Writer Neil Gaiman, actor Hugh Grant and historian and presenter David Olusoga are among 120 well-known British figures who have signed an open letter decrying the threat to public service broadcasters from streamers and government.

The letter, from campaign group the British Broadcasting Challenge, chaired by former BBC creative officer Pat Younge, states that PSBs such as the BBC, ITV, Channel 4 and Channel 5 are “under severe threat” from “unregulated streaming services and ‘click-bait’ content of big-tech companies” and also from the U.K. government.

Also signed by actors Michael Sheen and Steve Coogan, author Salman Rushdie and filmmaker Armando Iannucci, the letter is addressed to U.K. Secretary of State for Digital, Culture, Media and Sport, Oliver Dowden. It points out that funding to the BBC has been cut by 30% and states that “the safeguards supporting the PSB structures at ITV, C4 and C5 have been undermined and would be further damaged by the privatization of C4.”

The group takes issue with a specific public service broadcasting advisory panel, which was appointed in November to “provide independent expertise and advice as part of the government’s strategic review of public service broadcasting.” Among its members are Nicola Mendelsohn, VP for Europe, Middle East and Africa at Facebook; Sophie Turner Laing, former CEO of Endemol Shine Group; and Jane Turton, chief executive of All3Media.

“We are concerned that the government is being advised by a panel not set up under the Cabinet Office guidelines, meeting in secret with no public record of its agenda, discussions or recommendations,” the letter states.

“We take a different view.
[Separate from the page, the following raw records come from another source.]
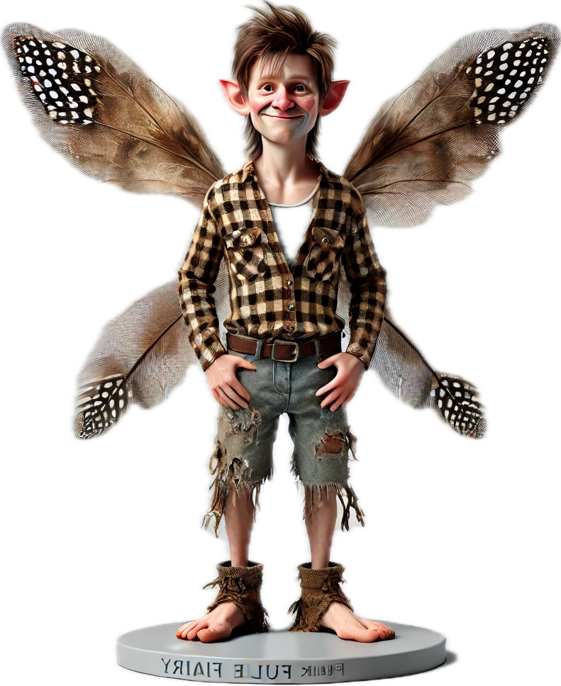 Darlle is the sharp-witted and stylish fairy of the Trailer Park Fairy Gardens, known for his confident grin and keen sense of humor. With his slightly tousled hair and mischievous glint in his eyes, Darlle always looks like he’s just thought of a clever quip. His choice of attire—a checkered flannel shirt neatly tucked into his distressed denim shorts—gives him a rustic yet polished look that perfectly complements his playful personality. His outfit, complete with a well-worn belt and fairy fuzz adorning his ankles, speaks to his rugged charm.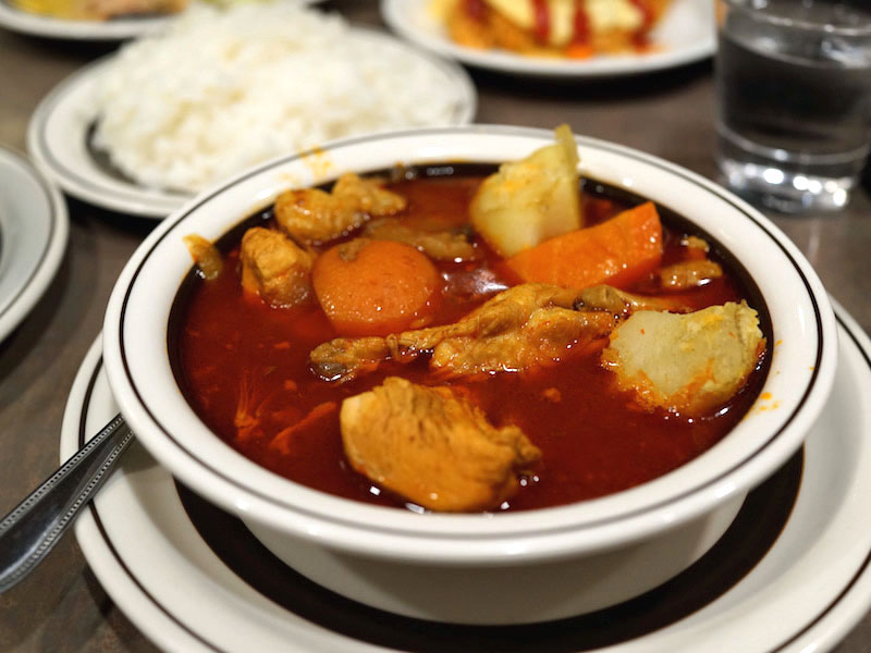 手羽元も一緒にカレーで煮こまれていて、それは味をもっぱら出すため。骨を掴んで持ち上げるとバサリと肉が骨からほどけて落ちるほど。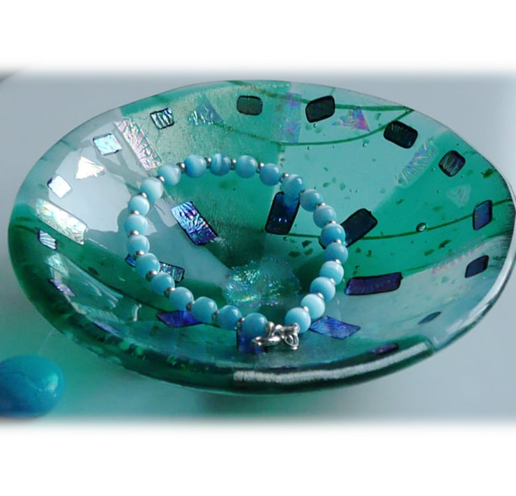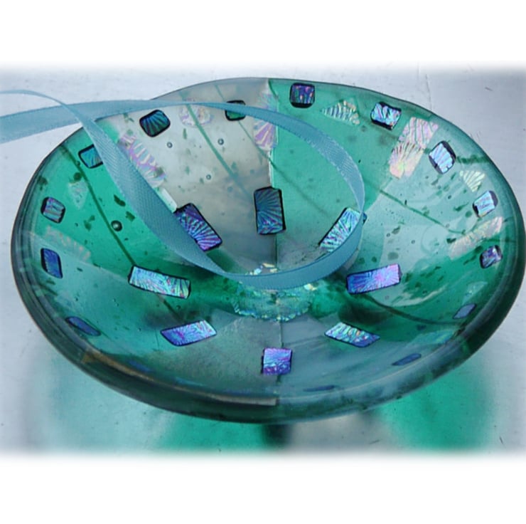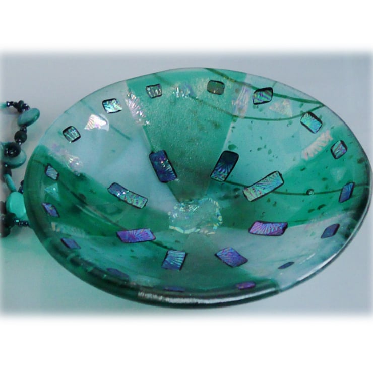 This round dish has a base of collage clear glass with green and aqua streaks. I've topped this with 4 types of teal and turquoise glass in 8 segments.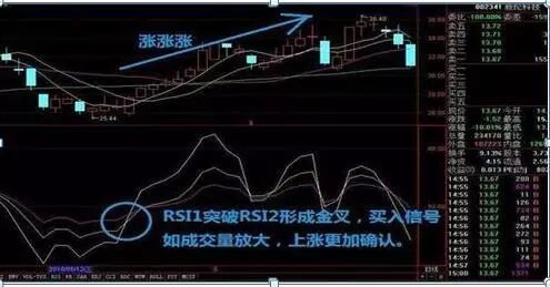 在实际操作时,还应该结合成交量的变化来决定买卖。若RSI指标形成低位金叉时成交量同步放大,这个买入信号可能就更为准确。
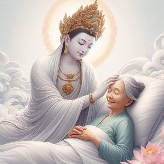 家人應告訴臨終者:「人生就是一場夢幻!請不要眷戀這個世間,唯有往生阿彌陀佛的極樂世界,才能獲得永恆的安樂與壽命。請您萬緣放下,什麼都不要想,心中不斷的唸『阿彌陀佛』不要停止!並投入阿彌陀佛強烈佛光中,跟隨阿彌陀佛往生極樂世界!」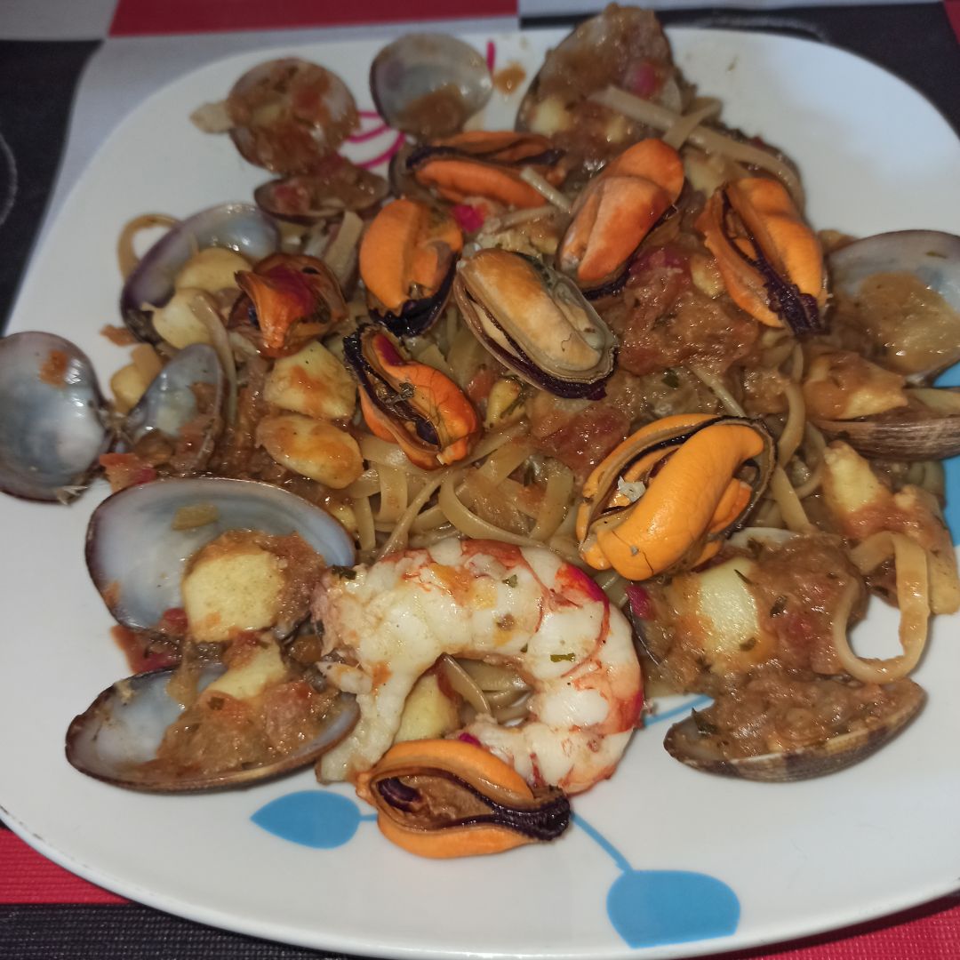 ✒ Apagar el fuego 🔥 y decorar con los mejillones que teníamos cocidos. Listo para servir. Buen provecho 😉.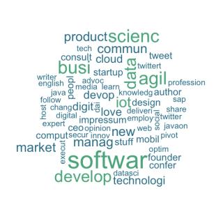 Nicht überraschend finden wir software, development, agil und business unter den häufigsten Wörtern. Aber auch IoT (Internet of Things), data und science werden häufig in den Profilbeschreibungen unserer einflußreichen Follower genannt!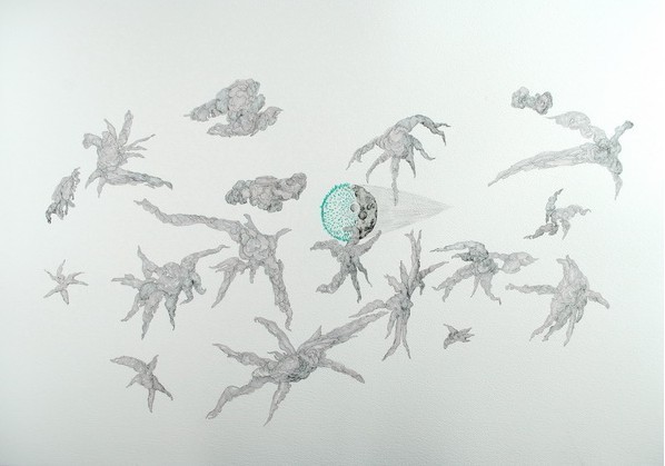 陈熹,《彗星 A》 , 2011,针管笔, 马克笔, Fabriano水彩纸, 70 X 100cm。

We believe that this is the moment — in an era of misinformation and the ‘weaponized’ politicization of news and opinion — to build up our Great British public service broadcasters rather than diminish them; to stop short-sighted political and financial attacks; to provide a vision for the future that allows our PSB system to grow as a trusted independent network that is worthy of the U.K., its citizens and the world.”

The letter goes on to call for an “honest public debate that explores the world-class advantages that our unique PSB system gives us now.”

Variety has approached the U.K. Department for Digital, Culture, Media and Sport for comment.